■ **RECORDS TO USE**
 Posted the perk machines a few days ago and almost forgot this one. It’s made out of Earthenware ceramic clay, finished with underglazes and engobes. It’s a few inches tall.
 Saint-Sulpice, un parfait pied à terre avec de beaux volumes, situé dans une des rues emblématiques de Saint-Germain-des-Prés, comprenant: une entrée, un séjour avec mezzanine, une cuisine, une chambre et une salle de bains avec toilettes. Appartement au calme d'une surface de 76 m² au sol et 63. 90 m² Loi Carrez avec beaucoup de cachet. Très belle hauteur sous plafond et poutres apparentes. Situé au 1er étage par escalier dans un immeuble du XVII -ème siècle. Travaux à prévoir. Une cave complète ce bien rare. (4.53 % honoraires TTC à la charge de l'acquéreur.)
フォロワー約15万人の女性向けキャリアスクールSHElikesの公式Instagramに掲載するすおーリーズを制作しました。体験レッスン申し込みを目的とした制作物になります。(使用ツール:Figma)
==
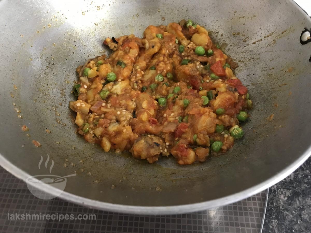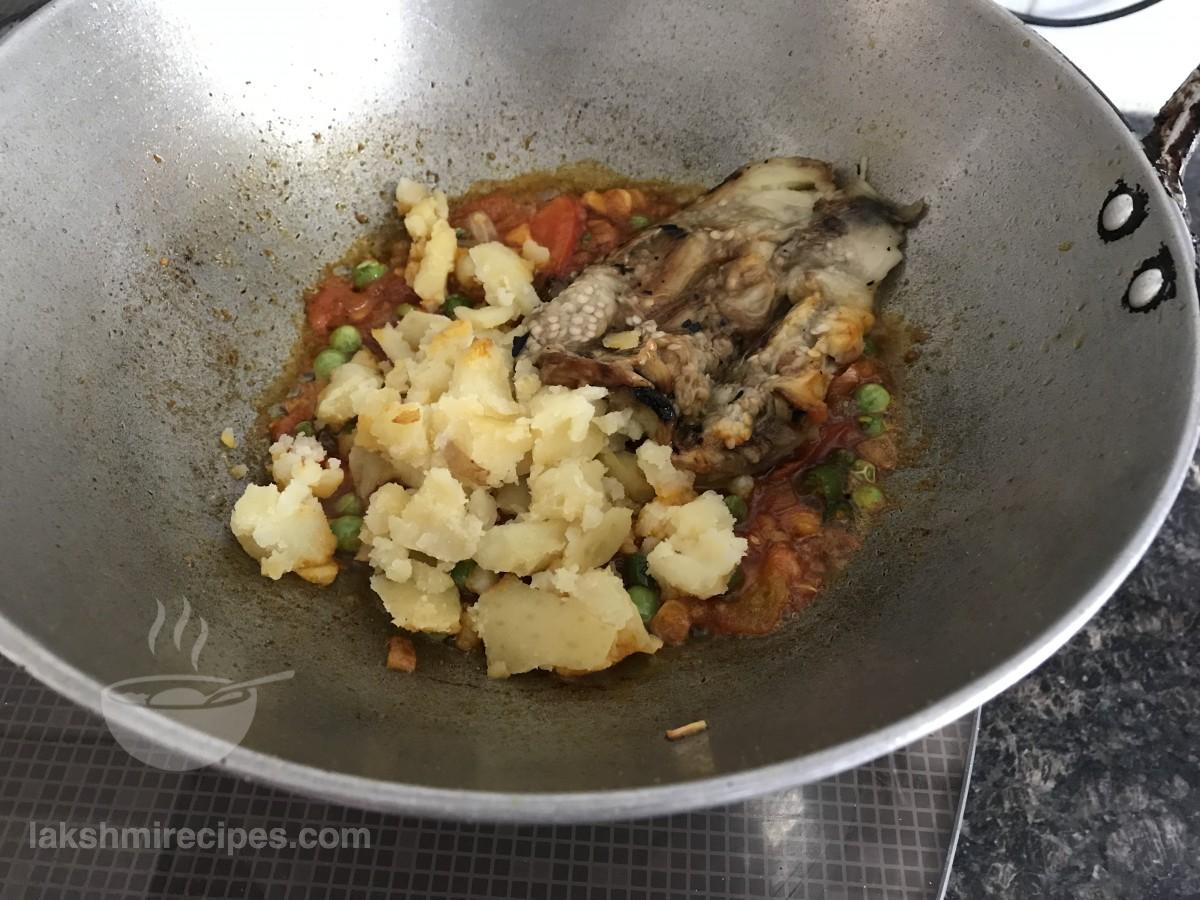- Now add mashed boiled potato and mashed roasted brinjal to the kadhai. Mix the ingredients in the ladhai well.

■ **INSTRUCTIONS TO FOLLOW**
Would you quote everything above from the line containing "Saint-Sulpice, un parfait" down to the line containing "フォロワー約15万人の女性向"? Include both of those lines and nothing else.

■ **SOLUTION TO THIS PROBLEM**
 Saint-Sulpice, un parfait pied à terre avec de beaux volumes, situé dans une des rues emblématiques de Saint-Germain-des-Prés, comprenant: une entrée, un séjour avec mezzanine, une cuisine, une chambre et une salle de bains avec toilettes. Appartement au calme d'une surface de 76 m² au sol et 63. 90 m² Loi Carrez avec beaucoup de cachet. Très belle hauteur sous plafond et poutres apparentes. Situé au 1er étage par escalier dans un immeuble du XVII -ème siècle. Travaux à prévoir. Une cave complète ce bien rare. (4.53 % honoraires TTC à la charge de l'acquéreur.)
フォロワー約15万人の女性向けキャリアスクールSHElikesの公式Instagramに掲載するすおーリーズを制作しました。体験レッスン申し込みを目的とした制作物になります。(使用ツール:Figma)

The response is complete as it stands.